TASK PROMPT: Could you return the data that follows exactly, minus the images?

### RECORDED DATA

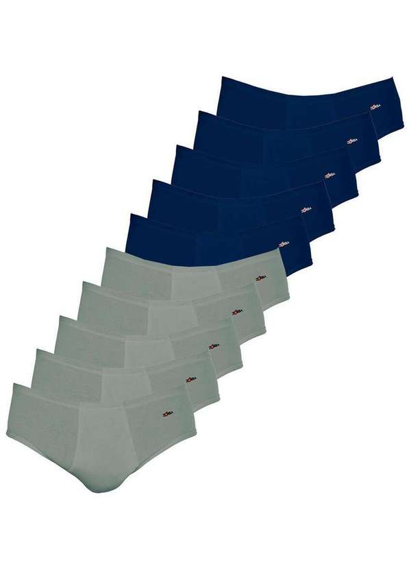 Zorba - Kit com 10 Cuecas Slip Zorba com Abertura 172 Plus Size Grafite-Marinho
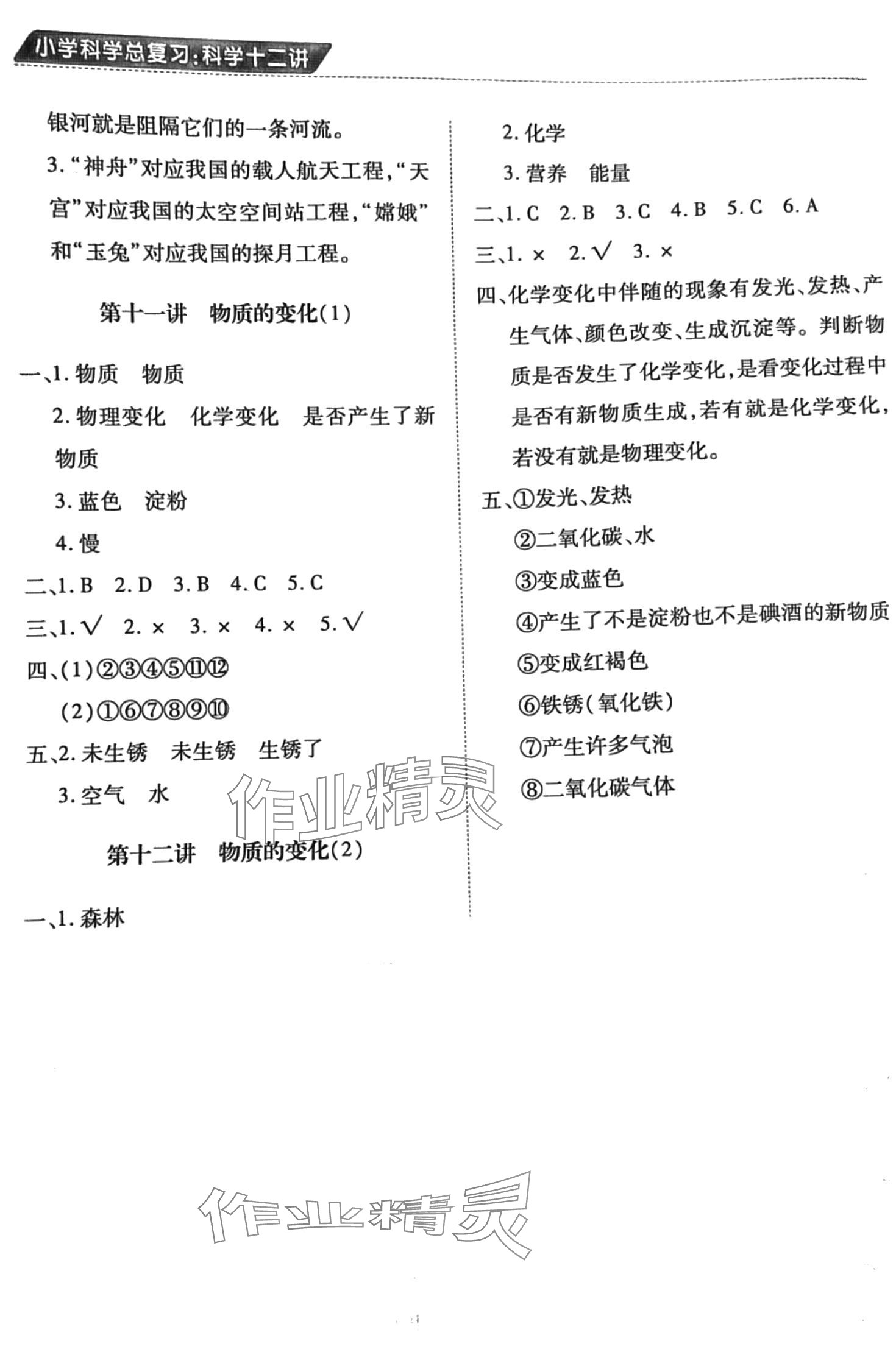 注:目前有些书本章节名称可能整理的还不是很完善,但都是按照顺序排列的,请同学们按照顺序仔细查找。练习册 2024年小学科学总复习江西人民出版社教科版 答案主要是用来给同学们做完题方便对答案用的,请勿直接抄袭。
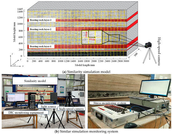 To reveal the development law of mining fractures and the spatial evolution characteristics of BS in the fully mechanized top-coal caving mining process of extra-thick coal seam, this paper takes the 1101 LF as the engineering background and uses a large-scale plane similarity simulation test system to carry out simulation research. According to the similarity theory [,,], the geometric similarity ratio is 1:400, the bulk weight similarity ratio is 5:8, the stress similarity ratio is 3:1000, and the time similarity ratio is 1:32. The size of the similar material experimental model is 3000 mm × 300 mm × 1440 mm, as shown in Figure 6a. Pure fine river sand with a diameter of less than 3 mm is selected as the aggregate, gypsum powder, and industrial light calcium carbonate as the cementing materials, and the mechanical properties of different rock strata were simulated by changing the content of the cementing materials. Spreading mica powder between strata reflects the layer effect between adjacent strata and prevents the OLR from collapsing as a whole during the advancing process of the LF. After the model is naturally dried, take out the mold, brush white latex paint on its surface, and draw spots evenly with black pigment. The bottom and left, and right sides of the model were rigidly fixed. According to the time similarity ratio, an excavation shall be conducted at intervals of 15 min. According to the actual advancing speed (5 m/d), the unit mining distance is 1.25 cm. In order to reduce the impact of boundary effects on model excavation, 375 mm coal pillars were left on both sides of the model. In the process of model advancement, a fixed-height camera is used to continuously photograph the position of the speckle pattern. The XTDIC (version 9.0.0) non-contact strain analysis software is used to visually monitor the strain and deformation characteristics of rock strata, as shown in Figure 6b. It should be noted that the hydro-mechanical properties of weakly cemented rock strata exhibit significant deterioration upon water exposure; hydrogeochemical processes are inevitably bound to drive alterations in fracture propagation within overlying rock sequences. However, due to the limitations of similar simulation devices, it is difficult to simulate water seepage in aquifers.
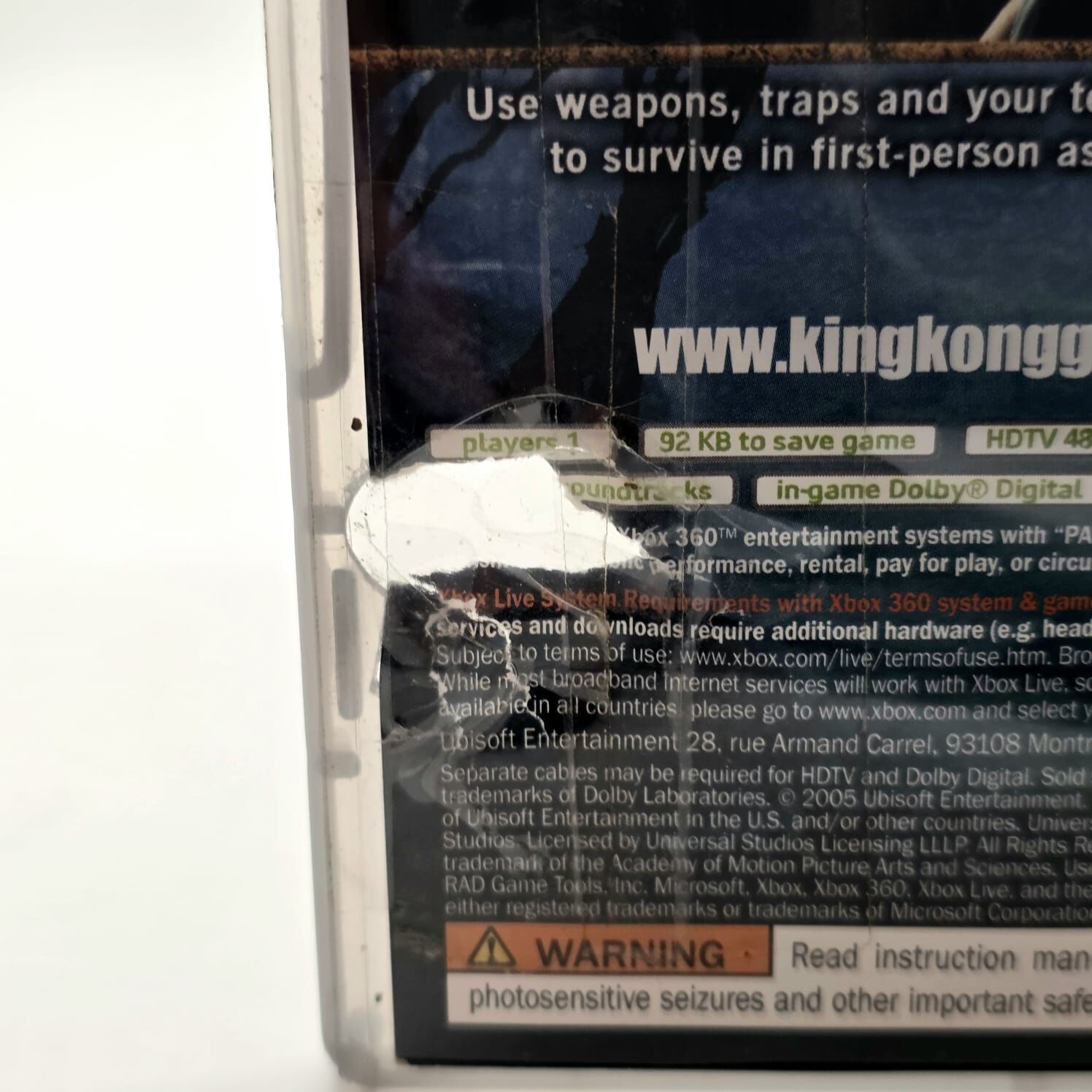 With atmospheric gameplay, minimal HUD design for immersive realism, and a gripping storyline inspired by the film, King Kong delivers a thrilling experience for fans of action-adventure and movie-based games alike. A great addition to any Xbox 360 collection.

######

YOUR SOLUTION:
 Zorba - Kit com 10 Cuecas Slip Zorba com Abertura 172 Plus Size Grafite-Marinho
 注:目前有些书本章节名称可能整理的还不是很完善,但都是按照顺序排列的,请同学们按照顺序仔细查找。练习册 2024年小学科学总复习江西人民出版社教科版 答案主要是用来给同学们做完题方便对答案用的,请勿直接抄袭。
 To reveal the development law of mining fractures and the spatial evolution characteristics of BS in the fully mechanized top-coal caving mining process of extra-thick coal seam, this paper takes the 1101 LF as the engineering background and uses a large-scale plane similarity simulation test system to carry out simulation research. According to the similarity theory [,,], the geometric similarity ratio is 1:400, the bulk weight similarity ratio is 5:8, the stress similarity ratio is 3:1000, and the time similarity ratio is 1:32. The size of the similar material experimental model is 3000 mm × 300 mm × 1440 mm, as shown in Figure 6a. Pure fine river sand with a diameter of less than 3 mm is selected as the aggregate, gypsum powder, and industrial light calcium carbonate as the cementing materials, and the mechanical properties of different rock strata were simulated by changing the content of the cementing materials. Spreading mica powder between strata reflects the layer effect between adjacent strata and prevents the OLR from collapsing as a whole during the advancing process of the LF. After the model is naturally dried, take out the mold, brush white latex paint on its surface, and draw spots evenly with black pigment. The bottom and left, and right sides of the model were rigidly fixed. According to the time similarity ratio, an excavation shall be conducted at intervals of 15 min. According to the actual advancing speed (5 m/d), the unit mining distance is 1.25 cm. In order to reduce the impact of boundary effects on model excavation, 375 mm coal pillars were left on both sides of the model. In the process of model advancement, a fixed-height camera is used to continuously photograph the position of the speckle pattern. The XTDIC (version 9.0.0) non-contact strain analysis software is used to visually monitor the strain and deformation characteristics of rock strata, as shown in Figure 6b. It should be noted that the hydro-mechanical properties of weakly cemented rock strata exhibit significant deterioration upon water exposure; hydrogeochemical processes are inevitably bound to drive alterations in fracture propagation within overlying rock sequences. However, due to the limitations of similar simulation devices, it is difficult to simulate water seepage in aquifers.
 With atmospheric gameplay, minimal HUD design for immersive realism, and a gripping storyline inspired by the film, King Kong delivers a thrilling experience for fans of action-adventure and movie-based games alike. A great addition to any Xbox 360 collection.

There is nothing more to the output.